Голоса певцов, дружные, бодрые, оживили даже Василия Кречета, и он стал подпевать ратникам. Как же без песен? Русский человек никогда не воевал без песен, да и ничего без них не делал! А уж ратнику песня и вовсе – первейший друг.
Пушкарям хорошо было видно городские валы и рвы, за ними каменные стены, поросшие травой, а на них множество людей.
Солнце, громадное, красное, пряталось вдали за лесами. Жар свалил. Стало легче дышать, веселее – к делу ближе!

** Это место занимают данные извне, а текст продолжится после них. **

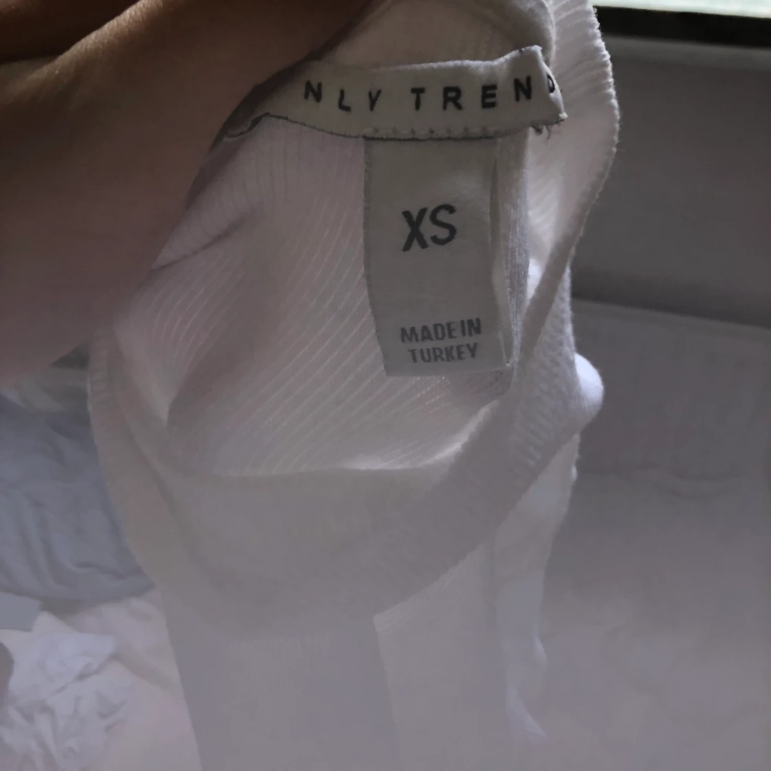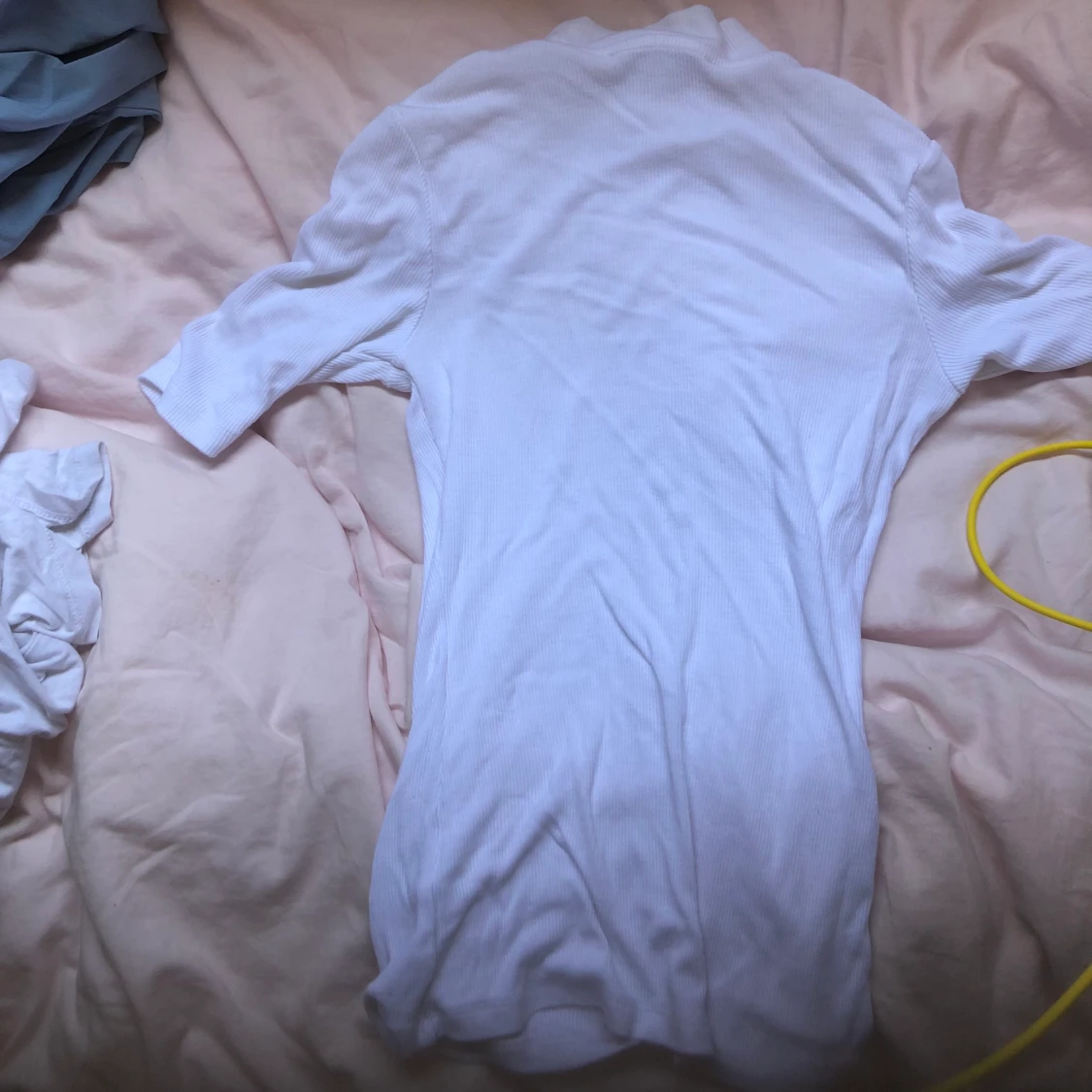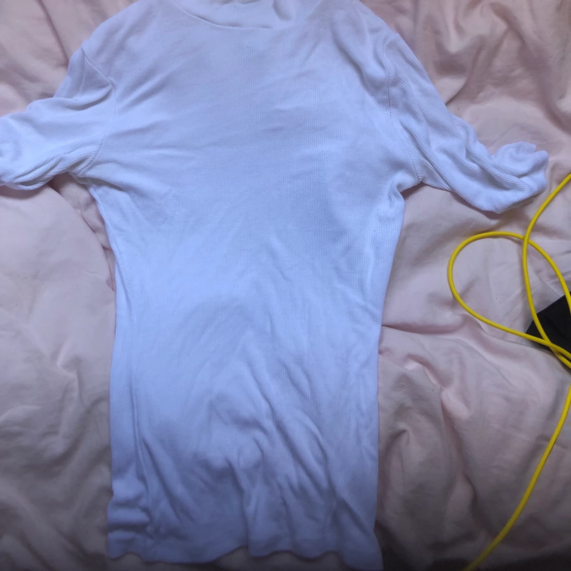 Vit småribbad tröja med en liten krage och den är kort i ärmarna. själv tycker jag den är väldigt fin men tyvärr kommer den inte till användning.

Войско расположилось на пушечный выстрел от городских стен. Со скрипом и шумом бревенчатые махины движущихся осадных башен окружали город. Каждую везли лошади, запряженные попарно шестерней. На место валившихся от пуль и стрел коней тут же быстро впрягались новые, на место убитых и раненых конюхов и возниц тотчас же вылезали «из нутра» новые люди, втаскивая павших во внутреннее помещение башни и заменяя их.

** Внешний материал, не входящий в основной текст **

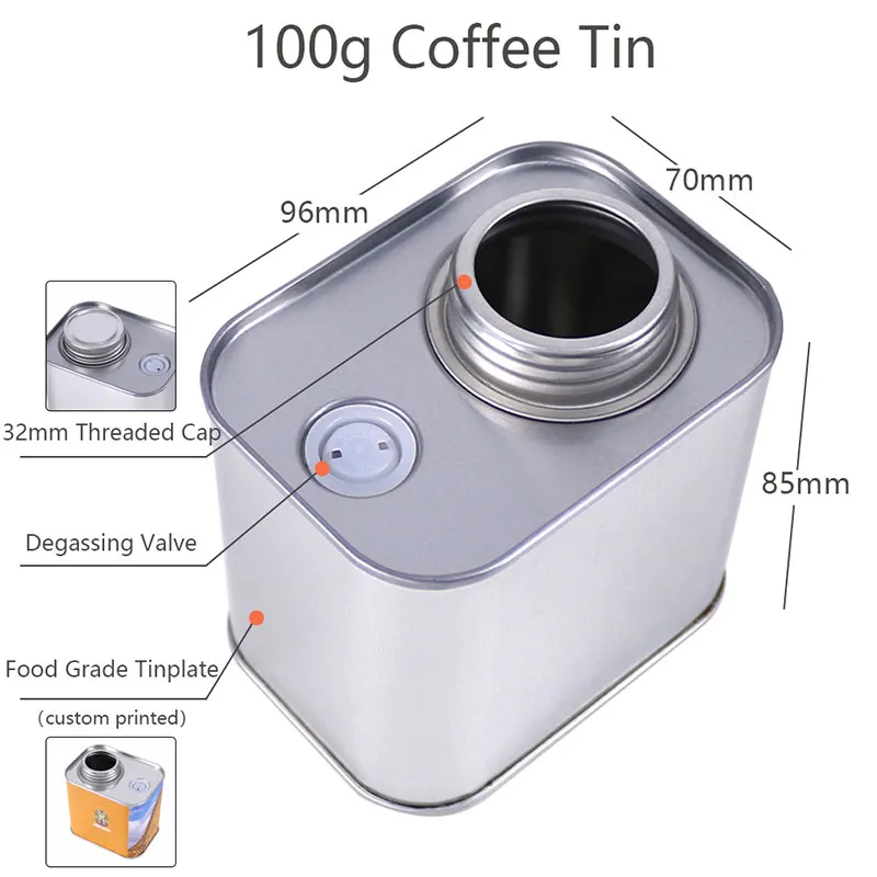 Пользовательские банки для кофейных зерен имеют размер 96*70*85 мм, идеально вмещают 100 г кофейных зерен. Эта квадратная жестяная банка оснащена односторонним дегазационным клапаном для сохранения вкуса и свежести ваших кофейных зерен. Изготовлена из пищевой жести, у нас есть достаточные запасы непечатных заготовок, и мы можем принимать заказы и отгружать в любое время, что исключает необходимость ожидания доставки. Также возможна индивидуальная настройка, на корпус банки можно нанести ваш собственный логотип. Мы принимаем все виды индивидуальных заказов.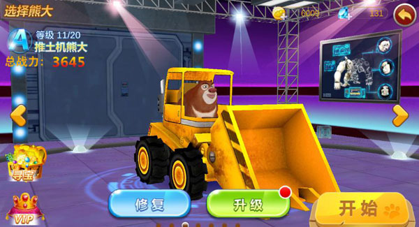 1、开局熊大行驶卡车,熊二则是持驾飞机,别瞧这仅是平民装,合体后战力不容小窥,开始前修复一下。2、点选关卡后,将主目标视为整局的战斗目的,另外时间把控好,在拯救小动物时不可多费时,然后“开始”。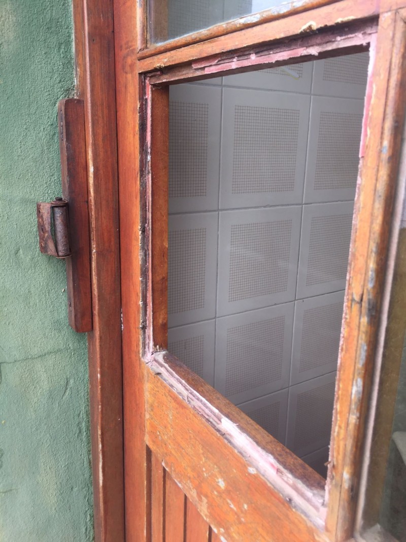 Los delincuentes salieron de la casa por el mismo vidrio roto de la puerta de la cocina que les sirvió para entrar.

Вышел приказ вдвинуть в прогалины между осадными башнями пушки.
Андрейка, соскочив с коня, горячо принялся за дело.
– Дай Бог нам попировать!.. Веселей!.. Веселей!.. Семка! Гришка! Эй, парень! Вологда!.. Ну, ну, бери ядро!.. Тащи земли! Мало ее! Рой мечом! Глубже, глубже! Насыпай! Так! Подноси зелье! Готовься!.. Бога хвалим, Христа прославляем, врагов проклинаем! Эй, ребята, не зевай!.. Бей в стену, вон, где помелом машут!.. Туда их... мышь!
У самых ног Андрейки упала стрела.
– Ишь ты, дьявол! – усмехнулся он. – Ну-ка, за это я его!

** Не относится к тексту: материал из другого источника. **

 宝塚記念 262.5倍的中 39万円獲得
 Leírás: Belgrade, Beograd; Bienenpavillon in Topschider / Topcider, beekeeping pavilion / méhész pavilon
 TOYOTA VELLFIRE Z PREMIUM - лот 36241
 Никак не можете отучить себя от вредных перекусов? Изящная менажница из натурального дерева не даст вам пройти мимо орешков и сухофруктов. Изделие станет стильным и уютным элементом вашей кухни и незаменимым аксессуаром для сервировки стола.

Андрейка навел пушку на то самое место стены, откуда стреляли по его пушкарям. Заложил огненное ядро, приставил фитиль.
– Эй, лыцарь, закуси губу!.. Прикуси язычок! Хлоп!
Раздался выстрел. Андрейка пригнулся, красный, потный, стал вглядываться вдаль. Ядро сбило верхушку стены, а вместе с ней посыпались вниз и ливонские стрелки, только что обстреливавшие пушкарей.
– Прощай, Агаша, изба наша! – с торжествующей улыбкой осмотрел пушкарей Андрейка. – Стену на том месте надобно до подошвы пробить... Довольно ей на земле стоять. Ну-ка, Семка, валяй первым, потом Гришка, посля ты, друг Вологда! А уж за вами и я! Мне – что от вас останется. Я не жадный.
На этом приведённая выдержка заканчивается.